You can configure Oracle GoldenGate Microservices Architecture to use a reverse proxy. Oracle GoldenGate MA includes a script called ReverseProxySettings that generates configuration file for only the NGINX reverse proxy server.
For example, the Administration Server is available on HTTPS://goldengate.example.com:9001 and the Distribution Server is on HTTPS://goldengate.example.com:9002. With reverse proxy, each of the microservices can simply be accessed from the single address. For example, https://goldengate.example.com/distsrvr for the Distribution Server.
To download and configure the NGINX follow the steps below. All the command are executed in shell script at the OS level of the host holding the GG for Big Data deployment:
- Download the software
[opc@goldengate-ma bin]$ sudo yum -y install nginx
- Navigate to the location of ./ReverseProxySettings script
[opc@goldengate-ma bin]$ cd /u01/app/oracle/product/21.4/ggbd_ma/lib/utl/reverseproxy
- Execute the following script to create a configuration file names ogg.congf. The name is at choice. Do not forget to replace the password with your own.
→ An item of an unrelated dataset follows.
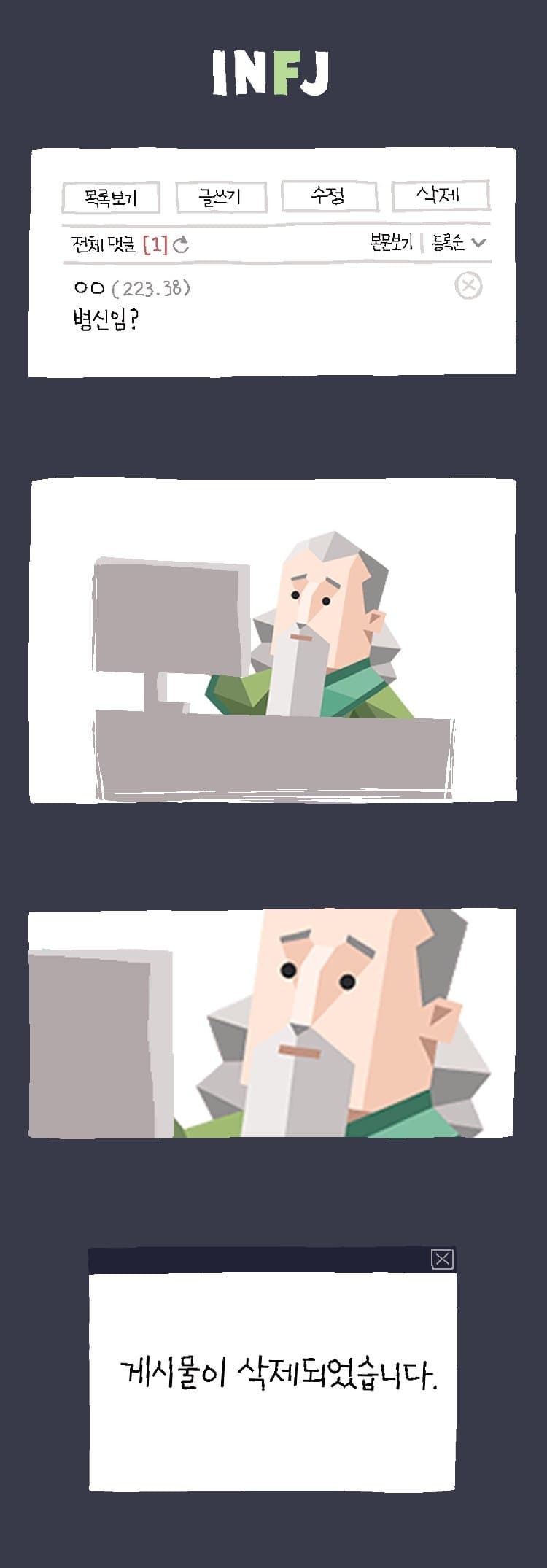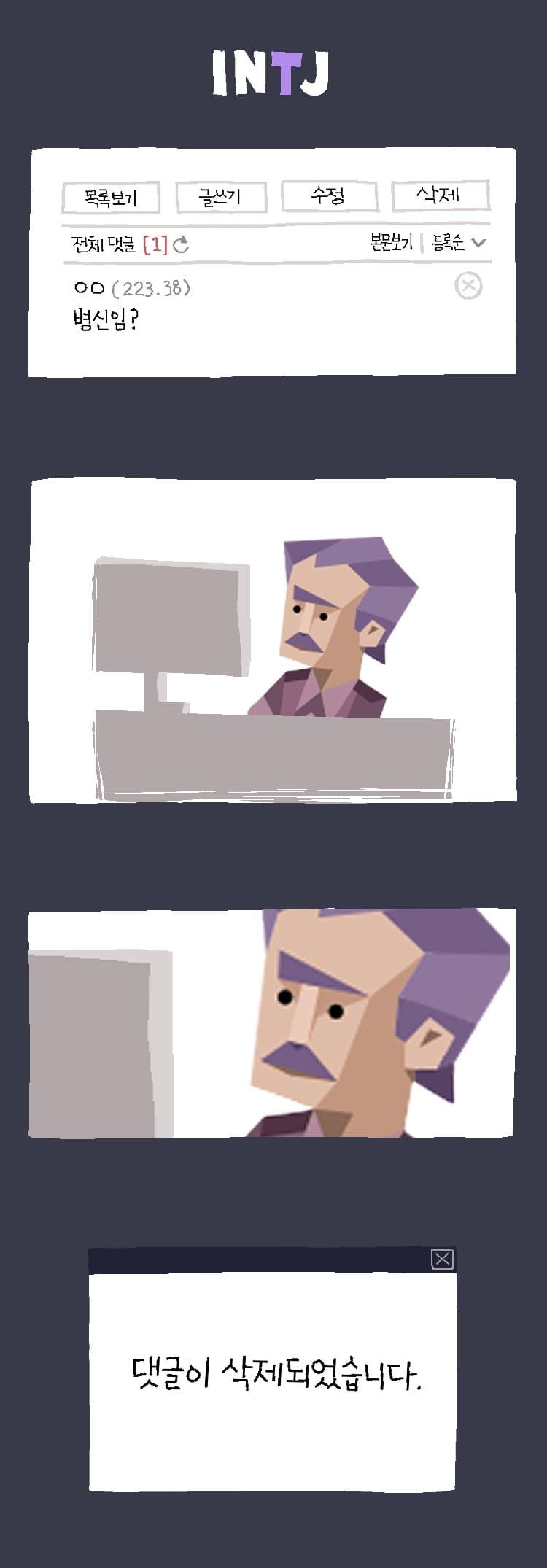 방금 쓴 게시글에 욕이 달렸을 경우 IN_J 차이.

[opc@goldengate-ma bin]$ ./ReverseProxySettings -u oggadmin -P <your password> ogg.conf https://localhost:7500
- Place the configuration file in the NGINX conf.d directory:
[opc@goldengate-ma bin]$ sudo cp ogg.conf /etc/nginx/conf.d/nginx.conf
- Generate a certificate for the proxy server
[opc@goldengate-ma bin]$ sudo sh /etc/ssl/certs/make-dummy-cert /etc/nginx/ogg.pem
- Start or reload the NGINX server:
[opc@goldengate-ma bin]$ sudo nginx
[opc@goldengate-ma bin]$ sudo nginx –t
nginx: the configuration file /etc/nginx/nginx.conf syntax is ok
nginx: configuration file /etc/nginx/nginx.conf test is successful
[opc@goldengate-ma bin]$ sudo nginx -s reload
- If not open already open the port 443 in the firewall
[opc@goldengate-ma bin]$ sudo firewall-cmd –zone=public –add-port=443/tcp –permanent
[opc@goldengate-ma bin]$ sudo firewall-cmd –reload
- You should be ready to connect to the newly deployed GoldenGate Microservices platform using the browser:
Error! Hyperlink reference not valid. or IP adress>/?root=account
The following login page should appear:

Enter the user and password you have defined in the response when you have created the deployment and click Sign in.
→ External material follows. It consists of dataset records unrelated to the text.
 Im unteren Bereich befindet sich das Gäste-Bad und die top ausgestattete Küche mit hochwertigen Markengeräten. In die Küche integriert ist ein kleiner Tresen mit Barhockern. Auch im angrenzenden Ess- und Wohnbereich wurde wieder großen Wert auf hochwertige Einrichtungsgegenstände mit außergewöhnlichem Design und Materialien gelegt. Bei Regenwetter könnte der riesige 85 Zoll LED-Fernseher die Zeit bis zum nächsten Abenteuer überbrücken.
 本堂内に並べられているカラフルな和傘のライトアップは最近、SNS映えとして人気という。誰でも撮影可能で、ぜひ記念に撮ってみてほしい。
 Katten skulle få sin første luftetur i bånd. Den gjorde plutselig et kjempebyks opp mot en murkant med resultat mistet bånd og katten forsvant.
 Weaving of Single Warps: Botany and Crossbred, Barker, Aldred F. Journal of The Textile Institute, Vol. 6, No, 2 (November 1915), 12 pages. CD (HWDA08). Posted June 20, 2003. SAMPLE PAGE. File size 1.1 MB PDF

You should be able to see the home screen. From this screen you can visualize the services and their status and also navigate to each of the service you need.
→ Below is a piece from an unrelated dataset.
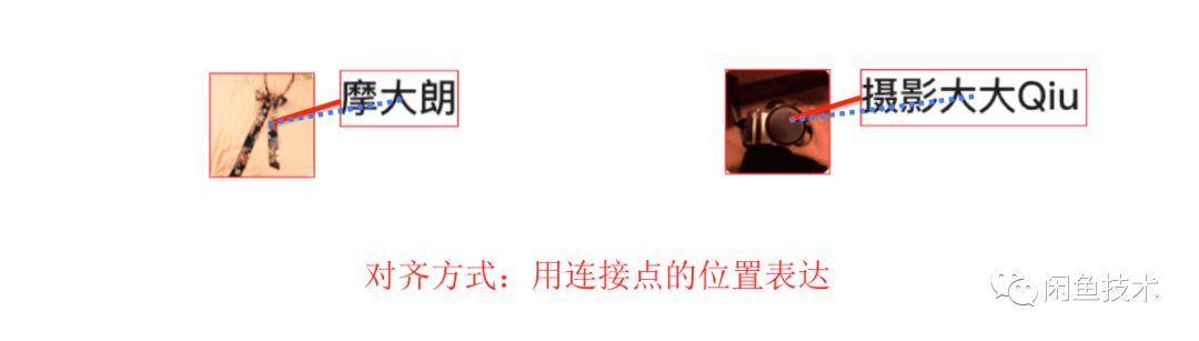 比如上图这个case,如果我们还是连接两个控件的中心点的话(图中蓝色虚线),那这左右两边的图就是指不同的布局(因为两个控件的角度和距离都不一样)。
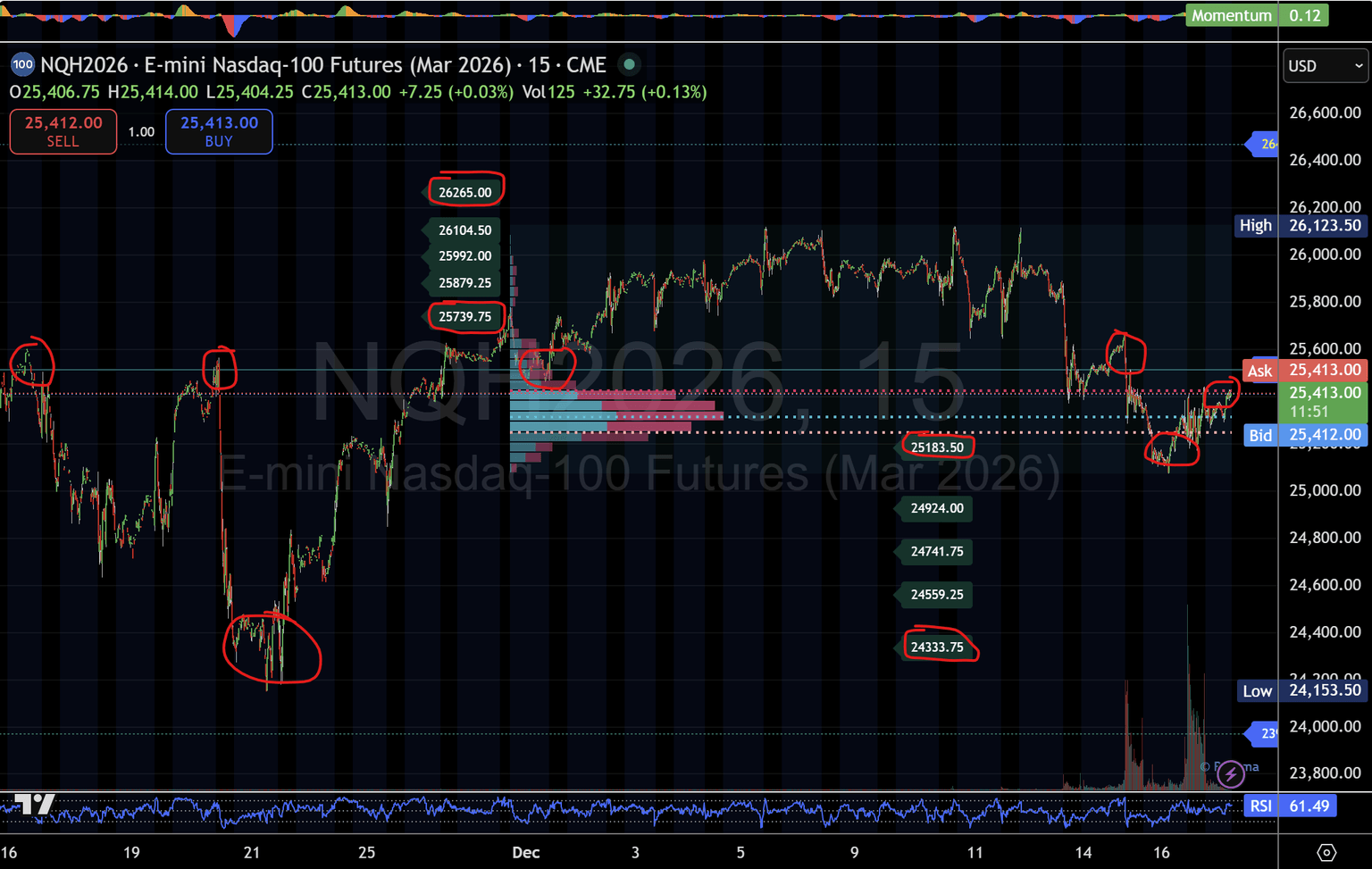 Nasdaq March futures continue to trade within a well-defined, two-way structural environment across both daily and intraday timeframes. Rather than directional conviction, the market is offering clear rotational behaviour around known reference levels.

Dependency configuration for Google Cloud Platform – Big Query handler
Starting with 21.3 Oracle GoldenGate comes with a dependency downloader that aims to simplify the complex task of installing libraries and solving dependencies for various technologies for which a handler will be configures in GoldenGate for Big Data.
There is a very nice blog post from Sydney Nurse on this topic:
In order to install the libraries for Google Big Query follow the steps:
- Navigate to {OGGBD install}/DependencyDownloader
[opc@goldengate-ma ~]$ cd /u01/app/oracle/product/21.4/ggbd_ma/opt/DependencyDownloader
- Execute the ./bigquery.sh script followed by the version of the libraries you wish to download
[opc@goldengate-ma DependencyDownloader]$ ./bigquery.sh 1.135.4
If the installation fails check the java location or set the bash_profile as follows:
[opc@goldengate-ma ~]$ cat .bash_profile
# .bash_profile
# Get the aliases and functions
if [ -f ~/.bashrc ]; then
. ~/.bashrc
fi
# User specific environment and startup programs
export JAVA_HOME=/u01/app/oracle/product/21.4/ggbd_ma/jdk
export OGG_HOME=/u01/app/oracle/product/21.4/ggbd_ma
export LD_LIBRARY_PATH=$JAVA_HOME/jre/lib/amd64/server
PATH=$JAVA_HOME/bin:$OGG_HOME:$PATH:$HOME/.local/bin:$HOME/bin
export PATH
After the execution of the script the output should render the result of the installation. An excerpt from the message I have received has been attached for example:
java version “1.8.0_291”
Java is installed.
Apache Maven 3.8.2 (ea98e05a04480131370aa0c110b8c54cf726c06f)
Maven is accessible.
Root Configuration Script
INFO: This is the Maven binary [../../ggjava/maven/bin/mvn].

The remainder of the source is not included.